LinearRegression(copy_X=True, fit_intercept=True, n_jobs=None, normalize=False)

In [15]:
# Inspect the results.
print('\nCoefficients: \n', lrm.coef_)
print('\nIntercept: \n', lrm.intercept_)


Coefficients: 
 [-3.24962454e+01 -2.01413742e-01  4.04836936e-03 -6.91759209e-04]

Intercept: 
 37.9264381852854


In [16]:
X = sm.add_constant(X)

results = sm.OLS(y, X).fit()

results.summary()

  return ptp(axis=axis, out=out, **kwargs)


0,1,2,3
Dep. Variable:,temperature,R-squared:,0.421
Model:,OLS,Adj. R-squared:,0.421
Method:,Least Squares,F-statistic:,17500.0
Date:,"Tue, 05 Nov 2019",Prob (F-statistic):,0.0
Time:,08:04:25,Log-Likelihood:,-328210.0
No. Observations:,96453,AIC:,656400.0
Df Residuals:,96448,BIC:,656500.0
Df Model:,4,,
Covariance Type:,nonrobust,,

0,1,2,3,4,5,6
,coef,std err,t,P>|t|,[0.025,0.975]
const,37.9264,0.233,162.709,0.000,37.470,38.383
humidity,-32.4962,0.123,-264.288,0.000,-32.737,-32.255
windspeed,-0.2014,0.003,-57.557,0.000,-0.208,-0.195
windbearing,0.0040,0.000,18.463,0.000,0.004,0.004
pressure,-0.0007,0.000,-3.452,0.001,-0.001,-0.000

0,1,2,3
Omnibus:,3375.432,Durbin-Watson:,0.059
Prob(Omnibus):,0.0,Jarque-Bera (JB):,3793.297
Skew:,-0.455,Prob(JB):,0.0
Kurtosis:,3.339,Cond. No.,10600.0


## Check Gauss-Markov Conditions

### Assumption one: linearity of the model in its coefficients

In [None]:
plt.scatter(df["temperature"], predictions)
plt.xlabel("feature")
plt.ylabel("target")
plt.title('Feature / Target Linearity')
plt.show()

**Conclusion:** This assumption is met since it's a fairly linear relationship. However, there are some outliers in the data. 

### Assumption two: the error term should be zero on average

In [None]:
predictions = lrm.predict(X)
errors = y - predictions

print("Mean of the errors in the medical costs model is: {}".format(np.mean(errors)))

**Conclusion:**  This assumption is met since the average error is very near zero. 

### Assumption three: homoscedasticity

In [None]:
plt.scatter(predictions, errors)
plt.xlabel('Predicted')
plt.ylabel('Residual')
plt.axhline(y=0)
plt.title('Residual vs. Predicted')
plt.show()

In [None]:
from scipy.stats import bartlett
from scipy.stats import levene

bart_stats = bartlett(predictions, errors)
lev_stats = levene(predictions, errors)

print("Bartlett test statistic value is {0:3g} and p value is {1:.3g}".format(bart_stats[0], bart_stats[1]))
print("Levene test statistic value is {0:3g} and p value is {1:.3g}".format(lev_stats[0], lev_stats[1]))

**Conclusion:**  This assumption is not met since p value is below .05.

### Assumption four: low multicollinearity

In [None]:
X = add_constant(df[['humidity', 'windspeed', 'windbearing',  'pressure']])
pd.Series([variance_inflation_factor(X.values, i)
for i in range (X.shape[1])], index=X.columns)

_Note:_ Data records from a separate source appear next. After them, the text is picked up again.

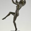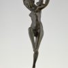 Art deco bronzen danseres, naakt met vogels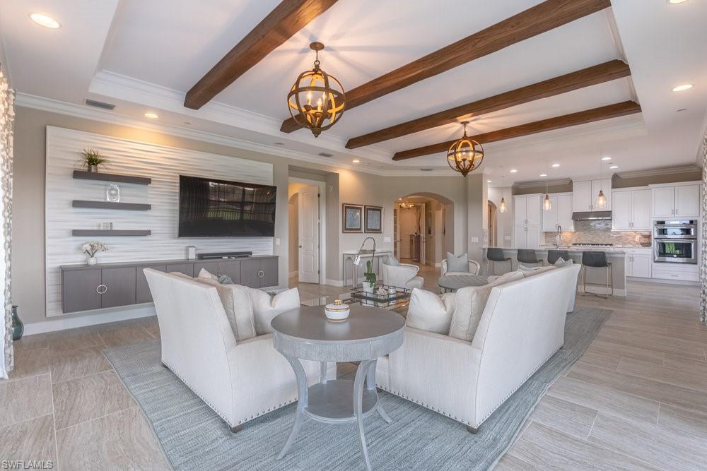 Top floor "Penthouse” Carrara condo comes FURNISHED professional decorated by Design West! Truly unique unit unobstructed views all around. Amazing waterfall/rock feature and golf course views from hole 1 outside your loggia areas, kitchen, and primary bedroom. Large rectangular porcelain tile floors, and wood beams in the living area. White cabinetry in the kitchen with natural gas range for cooking. Automatic storm screens blend in seamlessly as they are the same color as the walls. 2 assigned parking spots on ground floor with additional private storage space and room to park a golf cart. “Carrara” @ Talis Park includes 90 individually owned finished & built out spacious units of maintenance free condo living. Private community pool, spa and grills just for the street. Talis Park's newly renovated golf course and driving range was designed by Greg Norman and Pete Dye and is ranked by Golf Digest as one of Florida's top 20 courses. Short bike ride or golf cart drive to the clubhouse (voted Clubhouse of the year 2016 by Golf Inc. Magazine!) Core Fitness Center, Esprit Spa, and Fiona’s Market Café. Expanded clubhouse rotunda bar area, fitness center, dog park. The community Sports Complex has 5 tennis courts, 4 pickleball courts, and bocce. A Sports Membership purchase is required.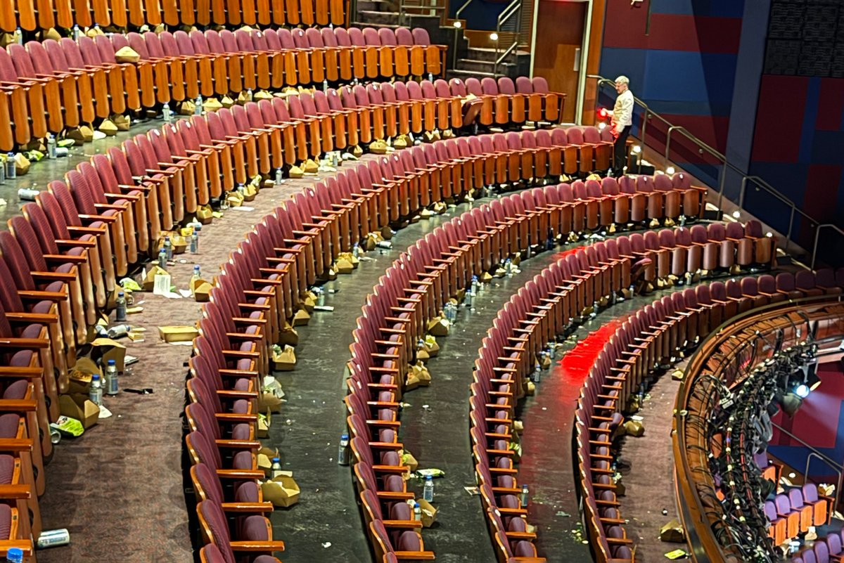 フィフィは、「オスカー授賞式、参加者が去った後の会場…これが日頃、道徳、敬意、環境問題、そして、その他諸々を声高に叫ぶ人たち」と投稿し、1枚の写真を添付。写真は空席となった会場の床の至る所に、ペットボトルや食品が入っていたと見られる紙ボックスやビニール袋が散乱している。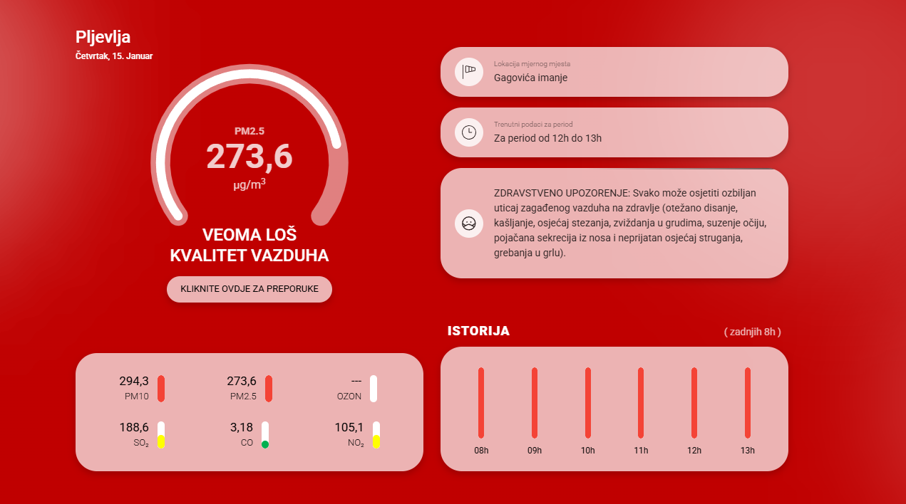 Kvalitet vazduha u Pljevljima je nedopustivo loš, sa ekstremno visokim koncentracijama štetnih čestica. Građani su upozoreni na opasnosti po zdravlje i potrebu za hitnim akcijama.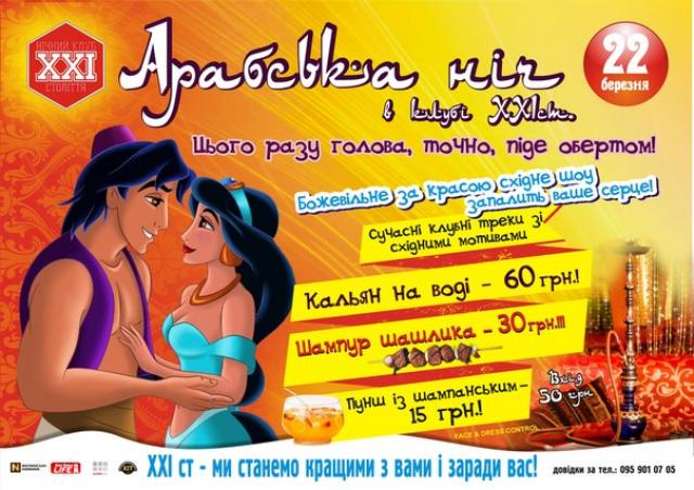 22 березня в клубі ХХІ століття «Арабська ніч». Звучатимуть сучасні треки зі східними мотивами.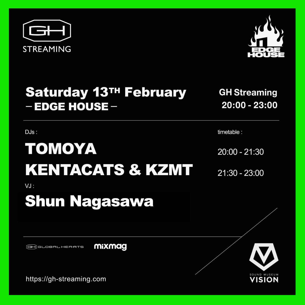 世界中で巻き起こっている良質でカッティングエッジな”ハウス/テックハウス旋風”を体現するSound Museum Visionレギュラーパーティ「EDGE HOUSE」がGH STREAMINGに登場。レジデントDJ陣がダンスフロアへお連れします。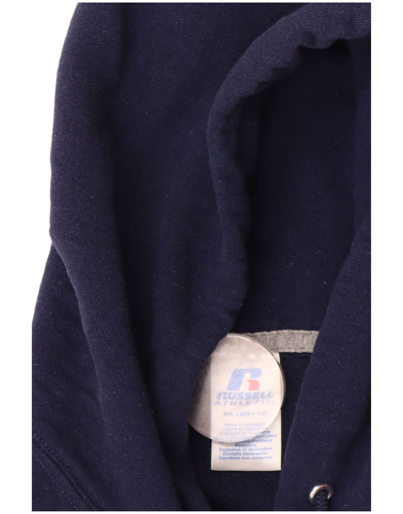 RUSSELL ATHLETIC Mens Graphic Hoodie Jumper XL Navy Blue Cotton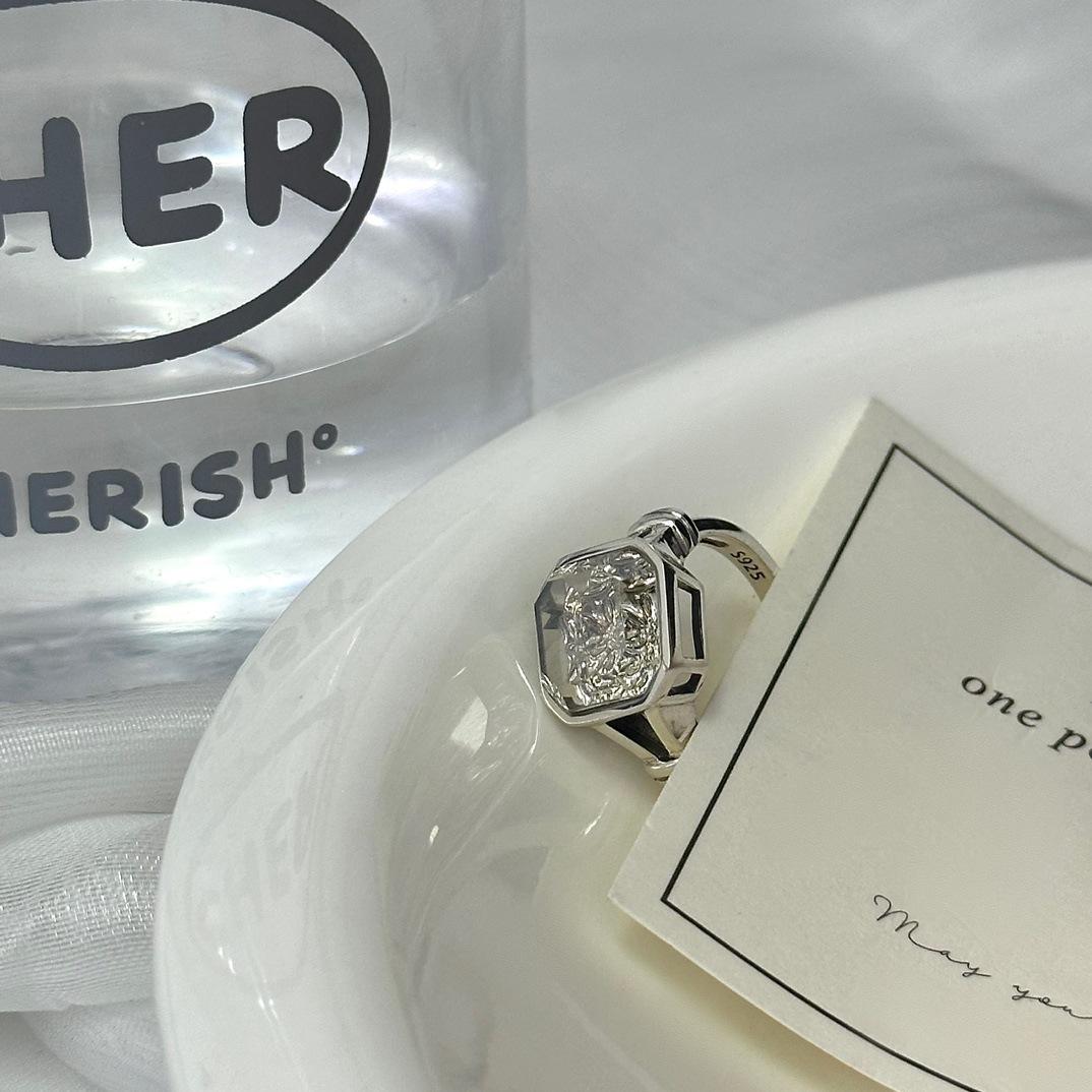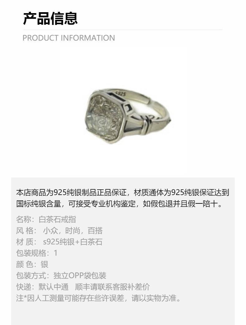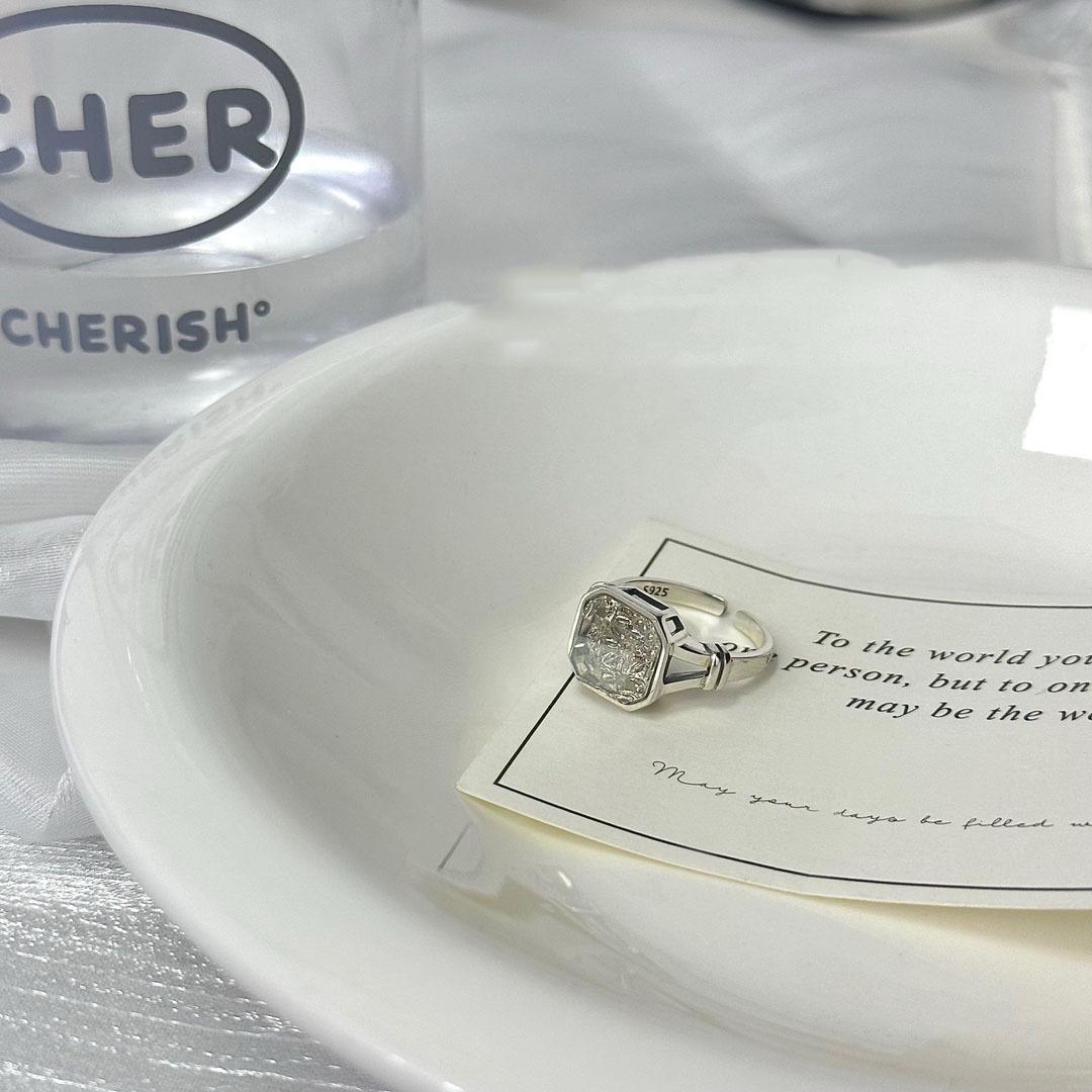 Anel de prata esterlina 925 com design de nicho feminino, não desbota, pedra de chá branca quadrada de alto sentido, anel aberto, joias transfronteiriças novas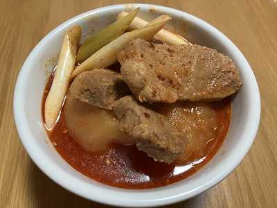 約2ヶ月ぶりにコウケンテツさんレシピのルウカレーを使ったポークカレーを作りました。具材は適当な感じで決めてます。今回は家に大根と玉ねぎがあるとのことで、それを入れることしました。〜材料と作り方(4人前)〜・豚肉小間切り落とし肉 約200g・大根 1/4本・玉ねぎ 1/2玉フライパンで豚肉を色が変わるまで炒める。塩を少々とチューブのにんにくを入れる。玉ねぎ、大根も一緒に炒める。水450gを入れる。カレールウ3個を細かく切って入れ、約10分煮込む。キムチ75gを入れる。しょうゆ 小さじ1.5みりん 大さじ1上の調味料を投入、さらに約10分煮込んで完成です。オーソドックスなルウカレーですが、キムチで味にコクがでます。具材は、基本的には何でも合うと思いますが、作っているときに、今度はきのこを入れて作ろうかなと思いました。勝手に煮込む時間を長くしているので、10分では作れませんが、今回も美味しくできました。また作ります。大根は煮崩れしないのが良いです

**Conclusion:**  This assumption is met since all are below 5. 

### Assumption five: error terms should be uncorrelated with one another

In [None]:
plt.plot(errors)
plt.show()

In [None]:
#autocorrelation features
acf_data = acf(errors)

plt.plot(acf_data[1:])
plt.show()

**Conclusion:** this assumption is not  met becaues there is a strong correlation, ranging from ~ .67 to .97

### Assumption six: features shouldn't be correlated with the errors

In [None]:
rand_nums = np.random.normal(np.mean(errors), np.std(errors), len(errors))

plt.figure(figsize=(12,5))

plt.subplot(1,2,1)
plt.scatter(np.sort(rand_nums), np.sort(errors)) # we sort the arrays
plt.xlabel("the normally distributed random variable")
plt.ylabel("errors of the model")
plt.title("QQ plot")

plt.subplot(1,2,2)
plt.hist(errors)
plt.xlabel("errors")
plt.title("Histogram of the errors")

plt.tight_layout()
plt.show()

In [None]:
jb_stats = jarque_bera(errors)
norm_stats = normaltest(errors)

print("Jarque-Bera test statistics is {0} and p value is {1}".format(jb_stats[0], jb_stats[1]))
print("Normality test statistics is {0} and p value is {1}".format(norm_stats[0], norm_stats[1]))

**Conclusion:** this assumption is not met because the Jarque-Bera and Normality test have pvalues below .05 which indicates that we can reject the null hypothesis and that they are not normally distributed.